[GIVEN INFORMATION]
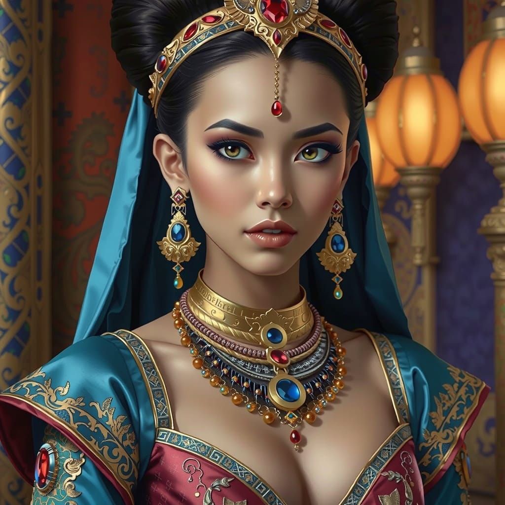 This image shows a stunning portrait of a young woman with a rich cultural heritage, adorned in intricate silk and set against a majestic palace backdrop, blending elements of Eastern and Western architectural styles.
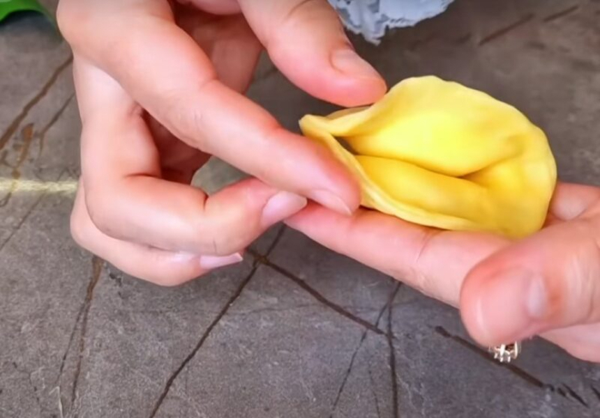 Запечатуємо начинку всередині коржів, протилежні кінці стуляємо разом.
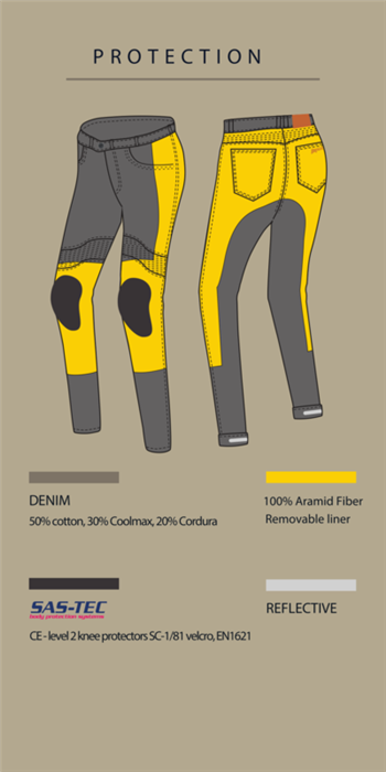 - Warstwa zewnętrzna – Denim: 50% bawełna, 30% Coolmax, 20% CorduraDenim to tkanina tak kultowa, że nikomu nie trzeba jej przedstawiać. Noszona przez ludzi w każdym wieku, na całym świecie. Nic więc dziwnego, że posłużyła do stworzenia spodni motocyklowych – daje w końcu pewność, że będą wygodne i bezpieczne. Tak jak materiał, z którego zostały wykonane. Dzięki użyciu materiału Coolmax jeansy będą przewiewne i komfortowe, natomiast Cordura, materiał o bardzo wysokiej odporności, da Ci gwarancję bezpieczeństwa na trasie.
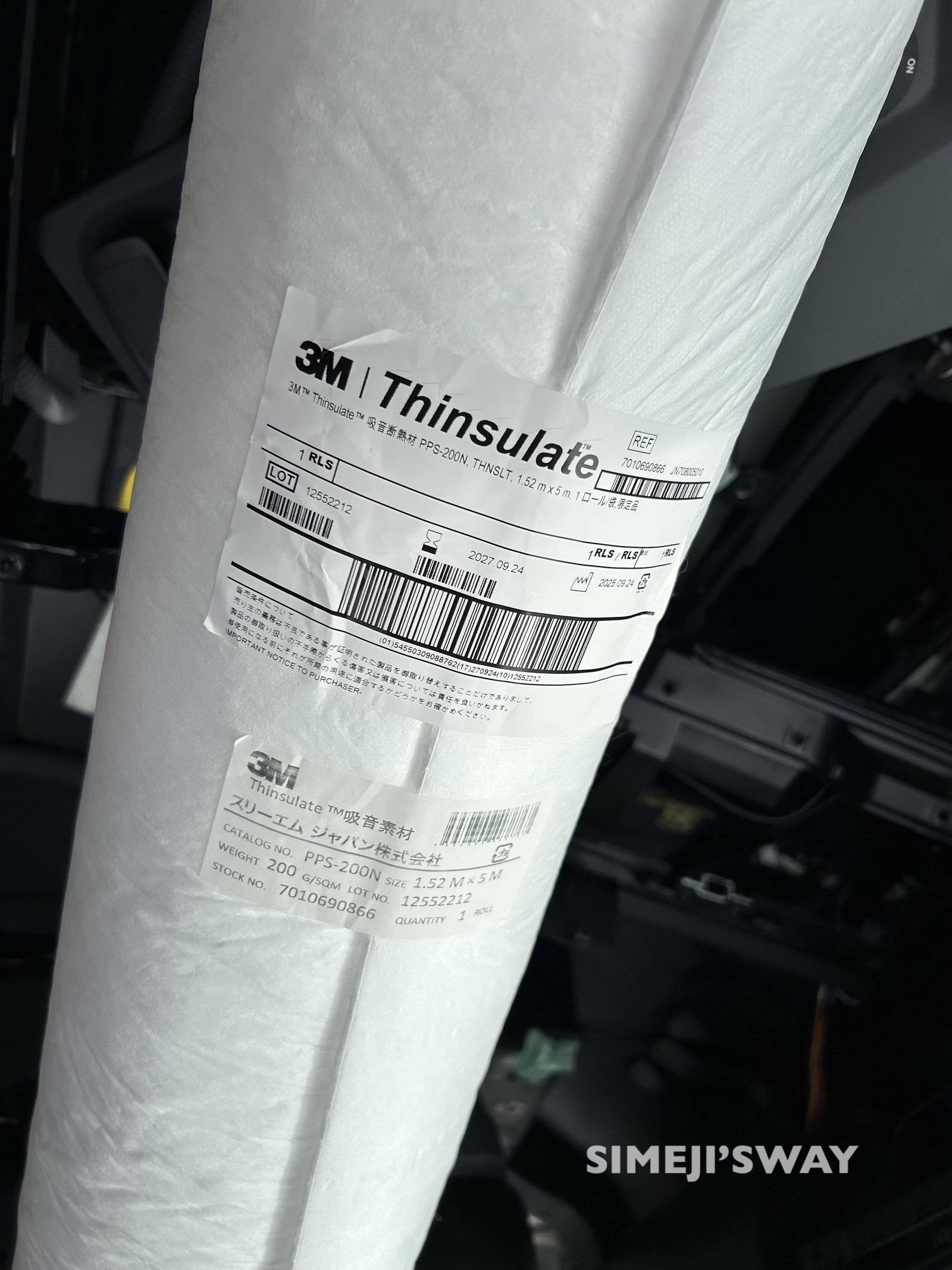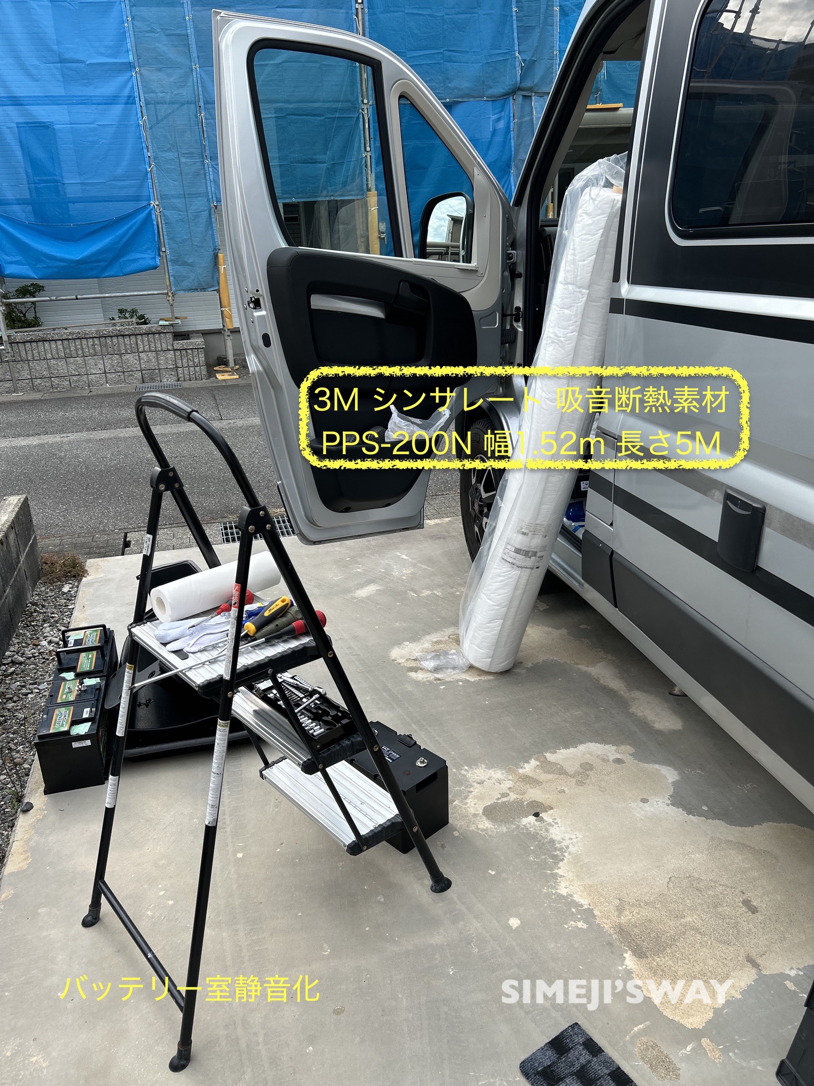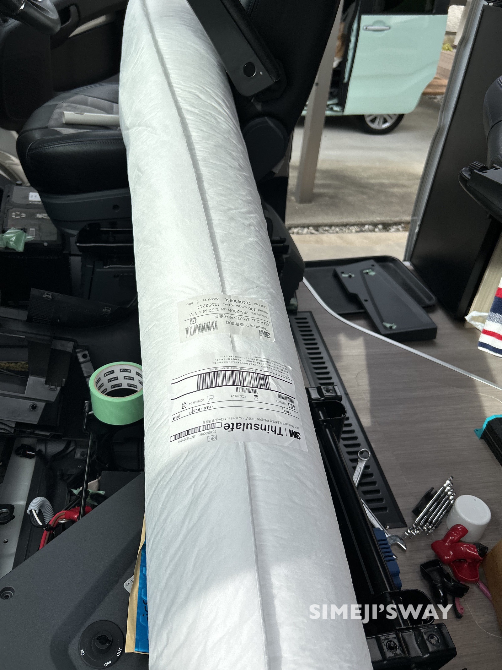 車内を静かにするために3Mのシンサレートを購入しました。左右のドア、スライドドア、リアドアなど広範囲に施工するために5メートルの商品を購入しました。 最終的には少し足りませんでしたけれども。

[TASK REQUIREMENTS] The required output is every line from the beginning of the material above through the line with "Запечатуємо начинку всередині", exact and without pictures.

[WRITTEN SOLUTION]
 This image shows a stunning portrait of a young woman with a rich cultural heritage, adorned in intricate silk and set against a majestic palace backdrop, blending elements of Eastern and Western architectural styles.
 Запечатуємо начинку всередині коржів, протилежні кінці стуляємо разом.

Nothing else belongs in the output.